I went for combinatorics and found this solution which runs in 1ms with my input data: 

(defn ! [n]
  (reduce *' (range 1 (inc n))))

(defn combinations [n r]
  (if (= 1 n)
    0
    (let [n! (! n)
          r! (! r)
          r-n! (! (- n r))]
      (/ n! (* r! r-n!)))))

(->> parsed-input
     (sort)
     (cons 0)
     (#(concat % [(+ 3 (last %))]))
     (partition 2 1)
     (map #(- (second %) (first %)))
     (partition-by identity)
     (keep #(seq (filter #{1} %)))
     (map count)
     (map #(inc (combinations % 2)))
     (apply *))
(Maybe I should memoize the factorial function? But doesn’t much matter on my input maybe, where the longest 1-distance streaks are 7.)

plexus 2020-12-10T13:04:00.067200Z

got a solution now as well, much more complex then it needs to be, but also runs in ~2ms

plexus 2020-12-10T13:05:48.067500Z

reusing my earlier combos function, but only applied to sections of the input. Basically I look for elements that can't be removed, use those to split the input in two parts, do that recursively until I can't split it further, then count the combinations for the parts and multiply them.

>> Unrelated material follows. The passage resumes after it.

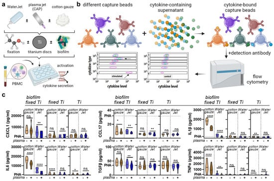 Chemokine and cytokine analysis. (a) sampling scheme; (b) overview of multiplex assay used in this study; (c) absolute analyte concentrations across cotton gauze and WaterJet ±CAP conditions and PHA (dotted line) as reference of leukocyte culture supernatants incubated with contaminated titanium discs (biofilm fixed TI), clean titanium discs exposed to fixative only (fixed Ti), and titanium discs only (no fixation). Principal component analysis across treatments and titanium disc conditions. Data are from four donors and show violin plots and median (c). Statistical analysis was performed using paired t-test; * = p < 0.05, ** = p < 0.01, **** = p < 0.0001, ns = not significant. PBMC from four different donors were tested. Biofilm was generated from subgingival plaque of a single periodontally diseased individual.

plexus 2020-12-10T13:06:10.067700Z

(defn divide [input]
  (let [split-points (remove #(can-be-removed? input %) (range 1 (dec (count input))))]
    (if (seq split-points)
      (let [split-idx (long (nth split-points (quot (count split-points) 2)))
            left (take (inc split-idx) input)
            right (drop split-idx input)]
        [left right])
      (combos (vec input) 1))))

(defn conquer [input]
  (let [parts (divide input)]
    (if (number? parts)
      parts
      (apply * (map conquer parts)))))

(time 
 (let [input (add-boundaries real-input)]
   (conquer input)))
;; => 396857386627072

pez 2020-12-10T13:07:02.067900Z

It’s quite similar to what I do. Even though I do not actually do it.

pez 2020-12-10T13:11:45.068100Z

However, my solution relies on the fact that there are never gaps other than 3 or 1. Not sure you can actually assume that from the problem description…

plexus 2020-12-10T13:12:36.068300Z

hah, I don't think they specify that. that would make it easier I guess

pez 2020-12-10T13:17:05.068500Z

That’s how the input data looks. ¯\(ツ)

pez 2020-12-10T20:49:00.068700Z

Criterium reports 140 µs for my solution actually. So it’s worth doing it the mathy way, I think.